New research has found that over 200 trials which were previously disrupted from the COVID-19 pandemic by delayed initiation and slow or suspended enrolment are now ongoing or completed.

According to Globaldata, this represents a 3.2-times increase compared to last month. This upward trend for clinical trial delays may begin to slow further as more companies adjust to conducting clinical trials during COVID-19, along with a possible shift toward virtual trials.
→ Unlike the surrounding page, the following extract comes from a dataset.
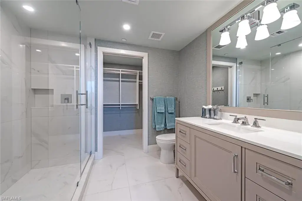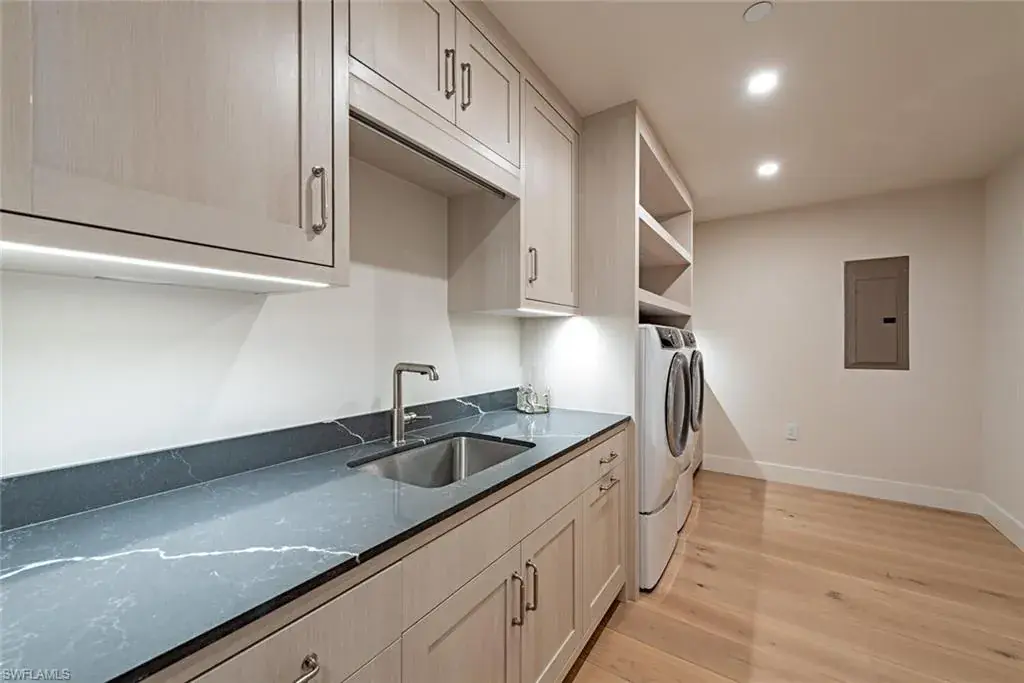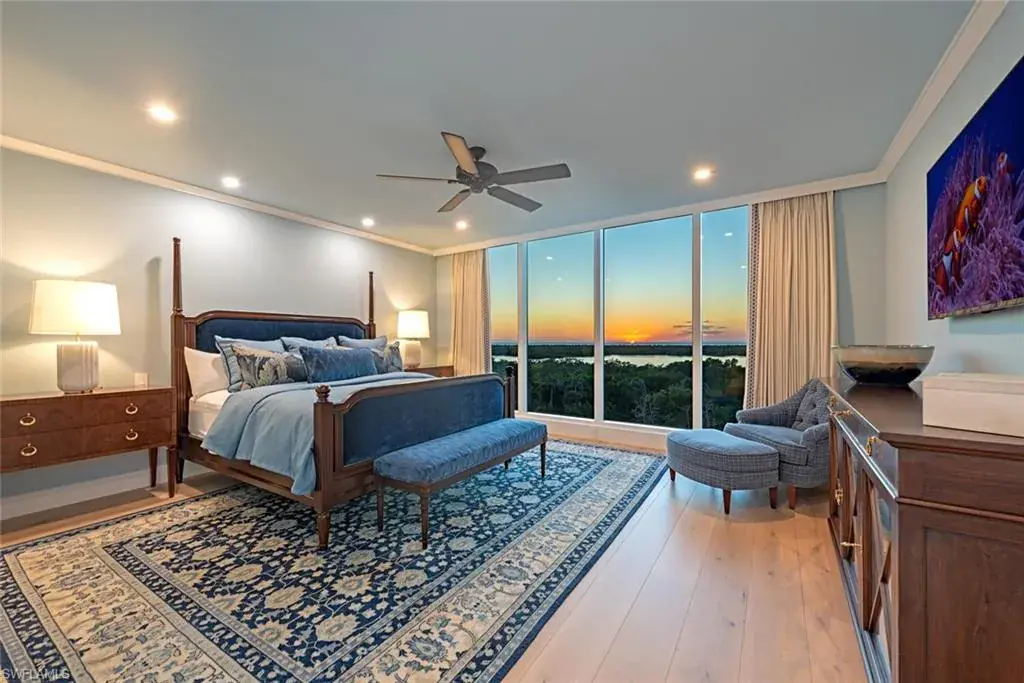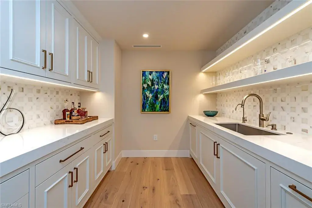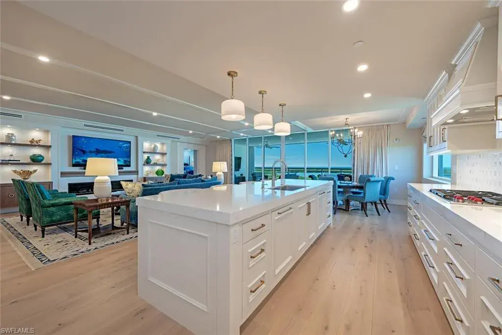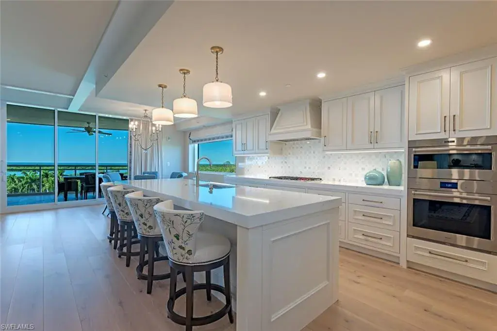 Elegant finishes and sophisticated design define this 6th-floor corner residence in Tower 300 at Kalea Bay. This turnkey home showcases professional interior design with luxurious furnishings, custom built-ins, exquisite millwork, designer wall coverings and lighting throughout. A wall of sliding glass doors opens to a spacious lanai, offering breathtaking Gulf sunsets. The residence lives like a single-family home, spanning 3,223 square feet with three bedrooms, a den with private balcony, and three-and-a-half baths, including a spectacular primary suite featuring a 9’x18.5’ custom closet. Highlights include Legno Bastone wide-plank oak floors, custom cabinetry, motorized shades, crown molding, a Kinetico water softener with carbon filter and RO drinking system and upgraded air purification. The open gourmet kitchen boasts Wolf gas appliances, Sub-Zero refrigeration, a full-height wine cooler, and a butler’s pantry with ample storage. Enjoy direct elevator access to the building’s exceptional rooftop amenities, featuring a pool, open-air fitness center, BBQ grills, and lounge areas—all with sweeping Gulf views and unforgettable Naples sunsets. — This Kalea Bay residence provides all the conveniences of living in a luxury condominium and membership to a private club with 5-star amenities, a combination that has made Kalea Bay one of the most successful and desirable communities in Naples. Built in 2022, Tower 300 is located directly across from the Club at Kalea Bay and provides easy access to 80,000 square feet of exceptional modern amenities, including a wellness center with a state-of-the art gym, spin room, Pilates, spa services plus 3 resort style pools, 2 open-air poolside bars, fine and casual dining options, outdoor fire pits, a kids’ game room, 8 pickleball and 4 tennis courts, guest cottages and more. Kalea Bay Residents also have the option to join the annual Beach Card Program, based on availability, which grants access to the private Beach Club at Moraya Bay at Vanderbilt Beach for dining both indoor and outdoor as well as beach service including food, beverages, chairs and umbrellas.

Brooke Wilson, Associate Director of Trials Intelligence at GlobalData, commented: “The number of disrupted clinical trials and organisations has continued to grow over the last three months. This trend is most noticeable between April and May, but has begun to slow. Suspension of enrolment accounted for 61.5 percent of the disruptions. Over all three months, 14 percent of the disrupted clinical trials are specifically pivotal/registrational, giving an indication that there will be an impact on regulatory approvals in the future.”

Globaldata graph

“Many hospitals that serve as trial sites were inundated with COVID-19 patients and are no longer available. For that same reason, many investigators may be repurposed to COVID-19 drug discovery trials or treating COVID-19 patients, or activation of sites for non-COVID-19 trials are being de-prioritised. There is also a high risk to subjects in a clinical trial who have a serious chronic or acute condition that affects their immune system, giving them a greater chance of contracting COVID-19,” Wilson continued. “The FDA has issued guidance for industry, investigators and institutional review boards on conducting clinical trials during the COVID-19 pandemic. Methods that could help keep the research going include virtual visits, phone interviews, self-administration and remote monitoring. These suggestions could help trials that are being met with subject quarantine and travel limitations, clinical site closures and interrupted supply chains.”